Newsweek and violence

I've said and written statements like the following many times: "I just don't trust the media - any of it." So it was completely unsurprising to me that Newsweek published a false report "claiming that US guards at the Guantanamo Bay, Cuba, detention center desecrated the Koran, including an incident in which the Muslim holy book was flushed down a toilet, in order to provoke detainees into talking." Newsweek later retracted the statement saying:
"Based on what we know now, we are retracting our original story that an internal military investigation had uncovered Koran abuse at Guantanamo Bay."
The problem with the report (other than the fact that it was false), was that:
"Local Muslim leaders in Pakistan and Afghanistan seized on the article and called for anti-U.S. demonstrations. Over a four day period last week at least 16 people died, a United Nations compound in Afghanistan was attacked and crowds burned American flags and effigies of U.S. president George W. Bush."
Many people, such as Glenn Reynolds at Instapundit, are attributing a substantial part of the responsibility for the violence and deaths to Newsweek. I disagree completely. A magazine printed something in error. It then retracted it. Even if I loved the media and had a high degree of confidence in it, mistakes would still happen from time to time. There is nothing wrong with making a mistake and then fixing it. That is what Newsweek did.

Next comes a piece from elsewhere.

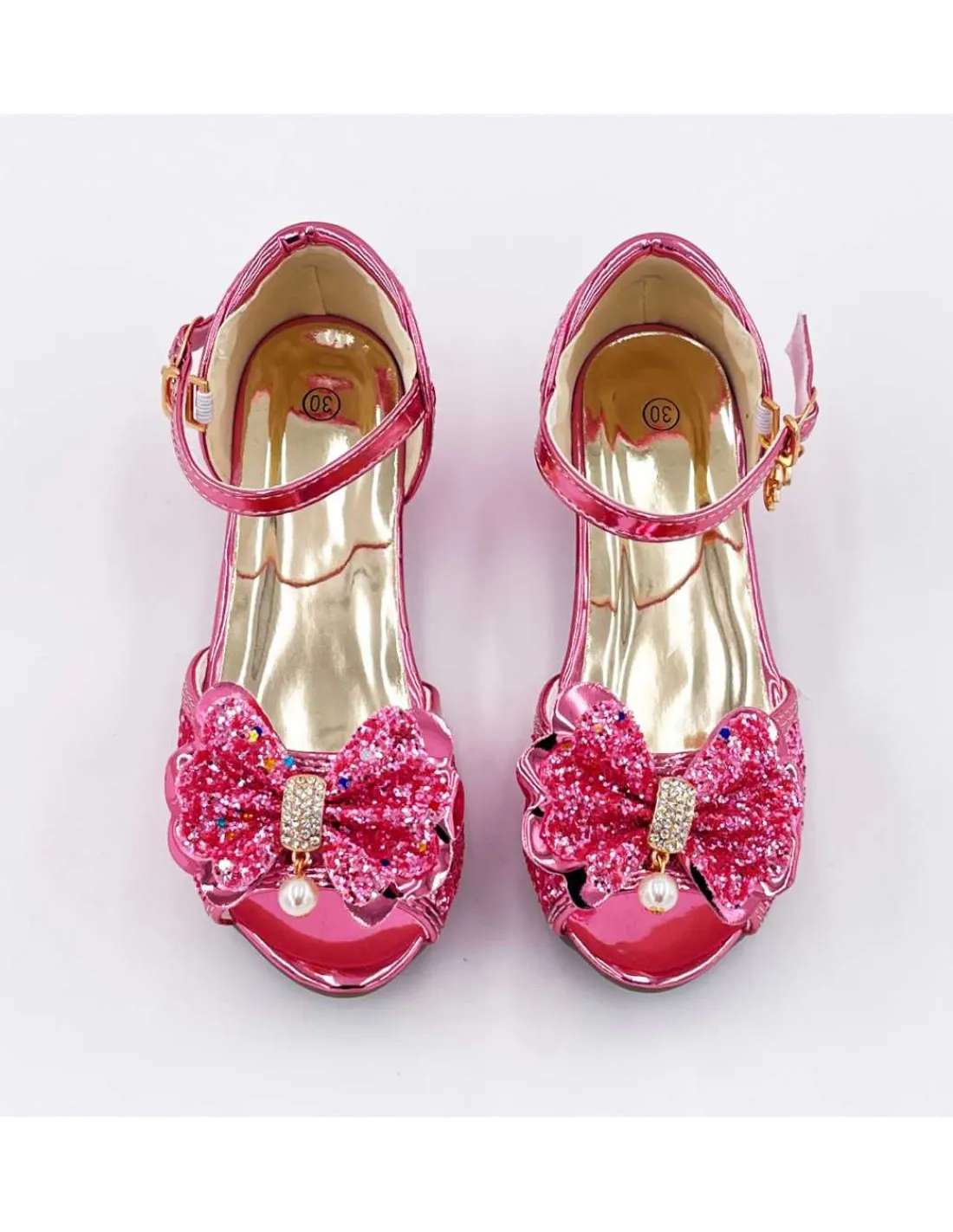 Découvrez les Mules à Nœuds et Paillette Rose 3 – 4 ans de Labay, des chaussures de princesses rose à talon avec sangle pour les jeunes filles de 3 ans et 4 ans.

On the other hand, there is something wrong with violence and murder. But I lay the responsibility for such actions directly at the feet of the perpetrators. That such people claim they were incited by some fact, mistaken or not, printed in a magazine half way around the world, in no way justifies their actions. We must not allow them to even think that we think it justifies the violence. Indeed, I think we need to desensitize these people. I personally am going to start flushing Korans down my toilet. Well, or at least I would, except for the minor detail that the Korans won't fit down my toilet. Nonetheless, I think the U.S. military should build a giant toilet and begin flushing Korans down it. Indeed, what a simple and gentle way to get the Guantanamo detainees to talk. That's not torture. I don't even think it qualifies as abuse.

At the same time, the message to the Muslim world is that if they're going to riot and murder because of such things, we're simply going to increase the occurrences of those actions until they learn to restrain themselves.